ABSTRACT
In vitro studies of mitochondrial transcription often use linear templates that fail to replicate key features of transcription on a circular genome. We developed a plasmid-based system for the analysis of heavy-strand promoters that recapitulates key features of native mtDNA to study topological and protein requirements of promoter activation. The heavy-strand promoters (HSP1 and HSP2) are simultaneously active on a circular template. HSP2 requires supercoiling for maximal activation. Increasing TFAM concentrations suppress HSP2 at levels that result in HSP1 stimulation. This study shows distinct modes of promoter activation, providing opportunities for the regulation of mitochondrial gene expression by promoter selection.

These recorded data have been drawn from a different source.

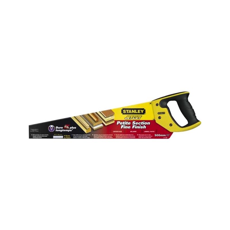 Pour coupe en travers. Lame en acier de 0,85 mm d'épaisseur. Traitement de denture HardPoint accroît la longévité de coupe, favorise une meilleure pénétration et facilite le sciage. Poignée bi-matière soudée sur la lame permettant le traçage à 45° et 90°. Nombre de dents / pouce : 11 Longueur de lame : 500 mm
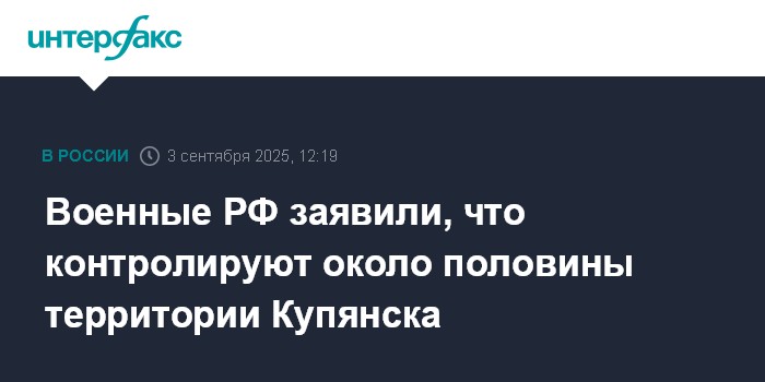 30 августа начальник Генштаба РФ Валерий Герасимов заявил: "Соединения и воинские части группировки войск "Запад" практически полностью блокировали город Купянск и освободили около половины его территории".
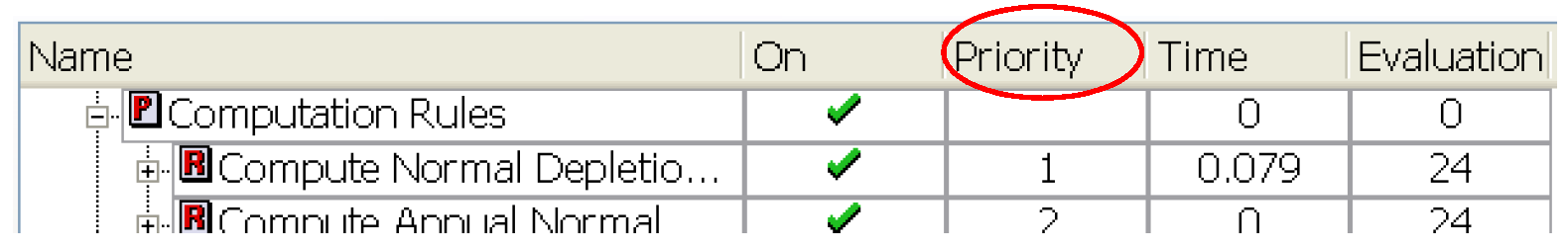 • Evaluations. The number of times this item was executed during the most recent model run.
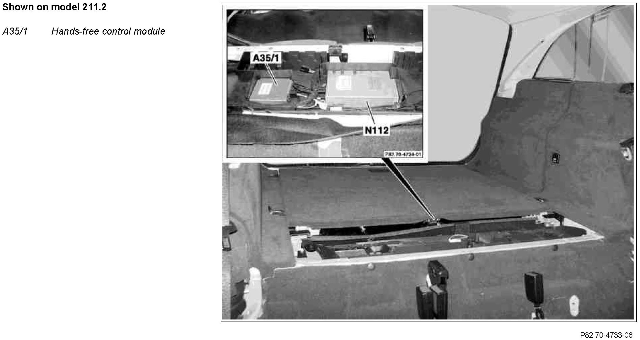 The hands-free system control module (A35/1) is fitted behind the seat bench on the equipment bridge.
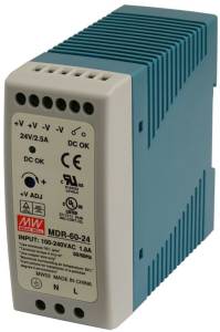 DIN-sínre szerelhető tápegység, amelyet ipari vezérlőszekrények és automatizálási rendszerek tápellátásához terveztek. A készülék 85–264 V AC vagy 120–370 V DC bemeneti feszültségtartományban működik, és 24 V DC kimeneti feszültséget biztosít 2,5 A áramerősség mellett, ami 60 W teljesítménynek felel meg. A tápegység természetes légáramlással hűtött, így csendes és karbantartásmentes működést garantál, miközben hatásfoka eléri a 87%-ot.
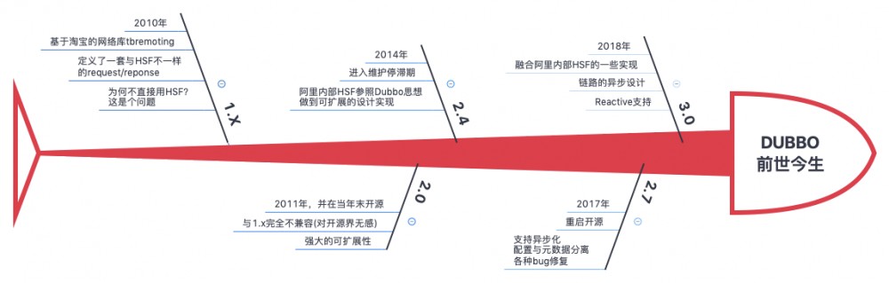 笔者曾做过 Dubbo 协议的适配兼容,Dubbo 确实存在过 1.x 版本,而且从协议设计和模型设计上都与 2.0 的开源版本协议是完全不一样的。下图是关于 Dubbo 的发展路径:
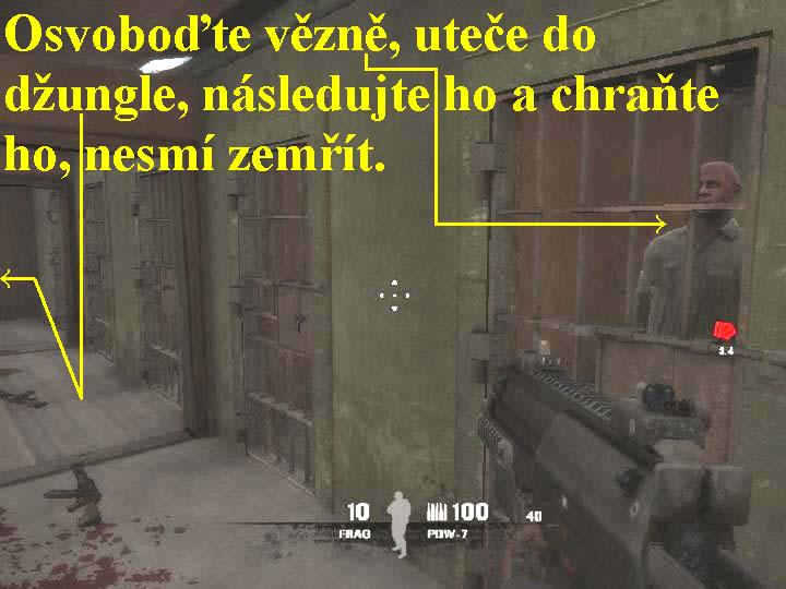pokračujte dál dveřmi. V místnosti postřílejte Rusáky, vejděte do
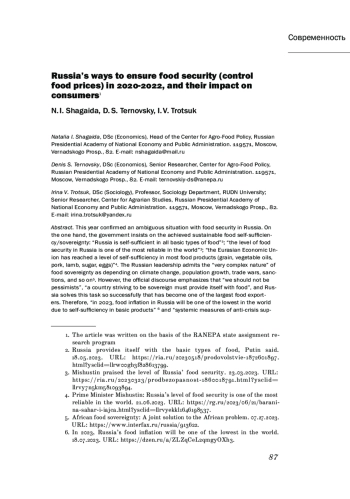 Статья: РОССИЙСКИЕ ПОДХОДЫ К ОБЕСПЕЧЕНИЮ ПРОДОВОЛЬСТВЕННОЙ БЕЗОПАСНОСТИ (СДЕРЖИВАНИЮ ЦЕН) В 2020-2022 ГОДЫ И ИХ ВЛИЯНИЕ НА ПОТРЕБИТЕЛЕЙ (2023)
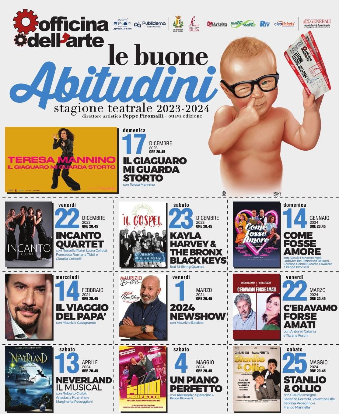 “Il 14 Gennaio l’esilarante commedia “Come fosse amore” di e con Marco Cavallaro, il 14 Febbraio la commedia “Il viaggio del papà” con il vulcanico Maurizio Casagrande, l’uno Marzo torna il comico romano Maurizio Battista con “2024 Newshow”, protagonista anche della serata voluta dalla Città Metropolitana il 27 Luglio al Castello Aragonese, il 22 Marzo la pièce “C’eravamo tanto amati” con Antonio Catania e Tiziana Foschi, il 13 Aprile il musical “Neverland”, il 4 Maggio “Un piano perfetto” con l’attore siciliano Alessandro Sparacino (e lo stesso Piromalli) e chiuderemo il 25 Maggio con la parodia “Stanlio & Ollio” e gli attori Claudio Insegno, Federico Perrotta, Valentina Olla, Sabrina Pellegrino e Franco Mannella”, conclude Piromalli.

KEYWORDS: mitochondrial DNA, TFAM, TFB2M, transcriptional regulation
Introduction
The mitochondrial genome is strikingly efficient in its organization, encoding both mitochondrial mRNAs and the tRNAs and rRNAs used in their translation. Transcription is bidirectional with most of the mRNAs and all of the rRNAs transcribed from the heavy-strand.1 Metabolic labeling studies of human mitochondrial RNA were initially used to identify two overlapping promoters on the heavy-strand.2 The proximal promoter (HSP1) is responsible for the synthesis of the rRNAs and the distal promoter is drives transcription of heavy-strand mRNAs (HSP2). Our group and others have previously shown that the isolation of HSP2 from HSP1 is required to examine the specific requirements for HSP2 activity in vitro.3,4 The failure to utilize HSP2 in the presence of HSP1 is striking, as both promoters must be active for the expression of all genes.
mtDNA exists in many distinct physical structures within the cell and these structural differences may determine whether mtDNA is participating in transcription, replication or is quiescent.5 The activities of mitochondrial-resident topoisomerases may alter the transcription and replication of mtDNA, and a recent study showed that mitochondrial topoisomerase I (TOP1MT) acts as a negative regulator for mRNA-productive mitochondrial transcription.6 In this study, we have examined the role DNA topology in the regulation of the mitochondrial promoters using a novel template system.
Results
Mitochondrial transcription on circular templates
Prior studies of mitochondrial heavy-strand transcription used linear templates for convenient monitoring of run-off transcription. The use of a circular template overcomes two disadvantages of linear systems. First, the mitochondrial RNA polymerase (POLRMT) initiates transcription from the ends of linearized DNA non-specifically, obscuring promoter-specific interactions. Second, linear templates cannot be used to study topological requirements.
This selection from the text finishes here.